То, что эффекты смешного не могут быть все подведены под рубрику средств социального исправления или улучшения, может, даже на этой стадии нашего исследования, быть увидено путем рассмотрения другого пункта, к которому мы теперь перейдем. Никакой анализ качеств вещей, в которых обитает смешное, не позволит нам объяснить веселые эффекты этих вещей, даже пока мы остаемся в пределах того, что обычно признается как комическое. Это было проиллюстрировано в предыдущей главе, и пары слов больше может быть достаточно, чтобы сделать это ясным.

Я попытался показать, что по крайней мере некоторые из зрелищ, сотрясающих нас смехом, делают это, удовлетворяя в нас нечто сродни детскому восторгу перед чем-то восхитительно новым и экстравагантным. Это, в свою очередь, означает, что данные зрелища взывают к той примитивной форме смеха, о которой уже говорилось и которая вызывается внезапным приливом радости. В нашей радости при виде забавного костюма клоуна и его смешных движений есть нечто от смеющейся радости дикаря, которому показывают какое-нибудь техническое чудо Европы, нечто от смеющейся радости младенца при внезапном вторжении танцующего солнечного лучика на стену его детской.

Немного более глубокое размышление над группами смешных вещей покажет, что в нашем восприятии комического присутствуют и другие составляющие этого примитивного смеха. Д-р Бэн считает себя вынужденным восполнить недостатки принципа Гоббса, настаивая на том, что зрелище деградации может побудить нас к смеху не просто путем возбуждения чувства силы или превосходства (как говорил Гоббс), но и путем предоставления внезапного освобождения от состояния стеснения. Отказ от серьезного отношения в церкви, когда происходит какой-то пустяковый инцидент, является примером снижения достоинства вещи или случая, что освежает нас чувством освобождения. Эта идея ведет нас гораздо дальше, чем думает автор. Радостное избавление от давления и стеснения, как мне кажется, будет подкреплять другие ментальные механизмы во многих случаях комического представления, в которых невозможно обнаружить никакой деградации. Иногда стеснение бывает очень сильным; вспомните эффект, когда рассказчик смешной истории знает, как довести эмоцию страха до нужного накала, чтобы дать нам восхитительный спуск ментальных механизмов, когда разражается смешная развязка. Здесь наш смех имеет мощную поддержку в радостном облегчении от нервного напряжения.

В других случаях, опять же, освобождение приходит как прерывание торжественного момента вторжением чего-то несвязанного и, по контрасту, пустякового. Хихиканье в церкви по поводу небольшого конфуза было нашей иллюстрацией. Здесь, если хотите, есть несоответствие между двумя порядками идей; или, как я предпочел бы выразиться, между двумя уровнями интереса. Ибо суть в том, что прерывание должно казаться комичным, четко демонстрируя пустяковый характер и мощно намекая на непочтительную точку зрения.
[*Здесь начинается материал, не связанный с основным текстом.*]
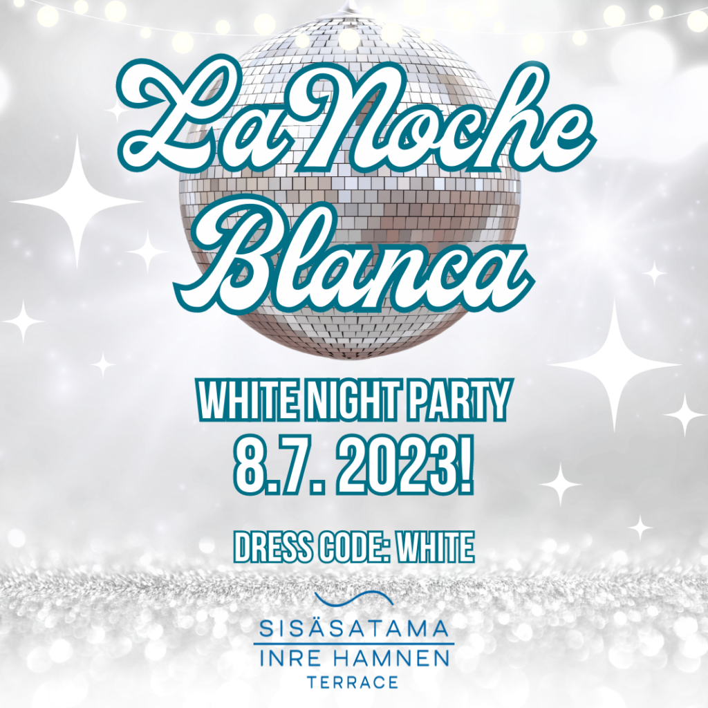 Lauantaina 8.7.2023 Sisäsataman Terassilla luvassa on La Noche Blanca! 💃 Bileiden pukukoodina toimii tottakai valkoinen väri! Nyt on siis täydellinen tilaisuus kaivaa esiin valkoiset kesämekot, tai vaikkapa farkut ja kauluspaidat✨ Luvassa on unohtumaton ilta, sillä valkeana kesäyönä valkoisiin pukeutunutta juhlakansaa viihdyttää kukas muu kuin Boom

Как было намекнуто выше, эти два источника смеха — внезапный приход радости и облегчение от стеснения — тесно связаны. Неожиданное представление, которое радует нас, по-видимому, обычно приносит своего рода облегчение. Это, безусловно, верно для всех случаев, когда предшествующее состояние было состоянием сознательной подавленности и скуки. Смех молодых людей в ответ на наши зачастую громоздкие попытки развлечь их может быть бегством от определенного напряжения, присущего состоянию скуки, от замкнутости или стеснения, которые навязывает им в данный момент бедность их окружения.
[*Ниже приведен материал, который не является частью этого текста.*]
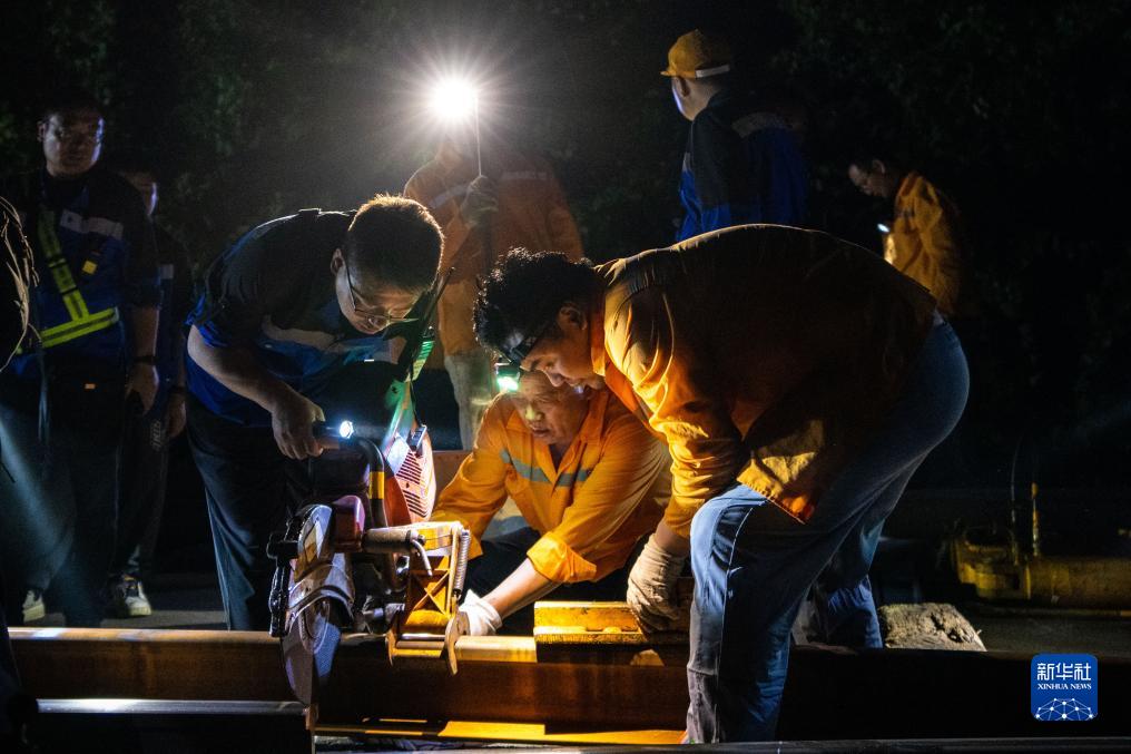 9月6日凌晨,鐵路工人在京廣高鐵株洲西至衡山西區間進(jìn)行換軌施工。
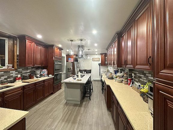 Welcome to this welcoming 1-family home nestled in the heart of the vibrant Belmont section of the Bronx. Built in 1899, this renovated spacious three-story home offers the perfect blend of modern comfort, some original detail and plenty of room for a family. You enter the home through its three-season, two-story, front deck, which insulates you from the city, provides extra living space and functions as a foyer. From the deck, walk into the open concept first floor, comprised of a living room, bathroom, and a newly renovated kitchen. The kitchen counters and center island are granite. The large center island offers a breakfast bar and an induction cooktop. Dual wall ovens and tons of cherry cabinets offer plenty of cooking and storage space. The back door off of the kitchen leads to a second private deck with plenty of space to sit, entertain and enjoy meals.

Существует еще один мыслимый способ объединить эффект внезапной радости и облегчения от стеснения. Утверждалось, что все смешные вещи воздействуют на нас посредством шока удивления, за которым следует чувство облегчения. Ли Хант, например, полагает, что когда мы смеемся над чем-то, мы получаем шок удивления, который вызывает задержку дыхания, задержку, пропорциональную живости удивления; и что наш смех является облегчением от этого. Эта теория воплощает здравый физиологический принцип, который мы уже приняли, но она, кажется, заходит слишком далеко. Как я пытался показать, шок удивления, как мы обычно понимаем это выражение, не является неизменным предшественником нашей реакции на смешные вещи. С другой стороны, можно с некоторым основанием утверждать, что даже в тех случаях, когда этот полный шок неожиданности отсутствует, существует момент напряжения, когда представление оскорбляет привычный глаз, и что смех является выражением прощения этого оскорбления, принятия его как безобидной игры.
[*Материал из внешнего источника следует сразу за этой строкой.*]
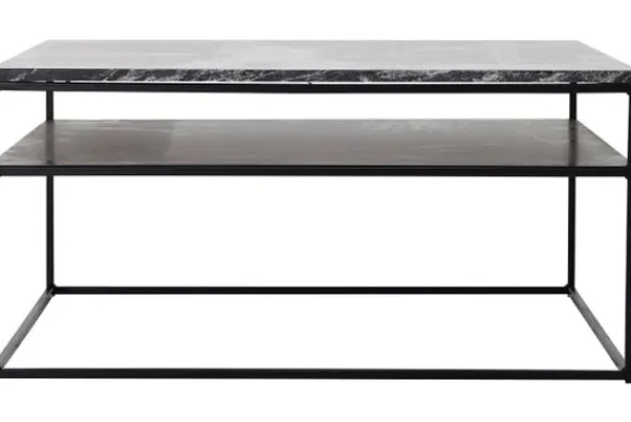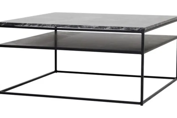 Deze salontafel wordt standaard uitgevoerd met een marmere blad en met zwarte metalen poten.

Чтобы завершить наш психологический анализ тенденций, которые сочетаются в нашем наслаждении комическими вещами, нам нужно взглянуть на еще одну разновидность примитивного смеха — смех презрения. Рассматривая это в главе III, мы провели грань между ним и истинным наслаждением смешным как чем-то «объективным». И все же было бы глубокой ошибкой не признать тот факт, что между ними существует реальное родство. Начнем с того, что смех презрения, скажем, над поверженным врагом или над тем, кого нам удалось поддразнить, разыграв над ним какую-нибудь шутку, легко переходит в наслаждение собственно смешным. Очевидно, что это отчасти смех над чем-то. Более того, как смех, он, по-видимому, предполагает менее серьезное отношение у успешного зрителя, чем, скажем, насмешка или выкрикивание оскорбительных слов. Он естественным образом будет направлен на что-то в недостойном виде смущенной стороны, что, вероятно, будет распознано другими как вызывающее смех.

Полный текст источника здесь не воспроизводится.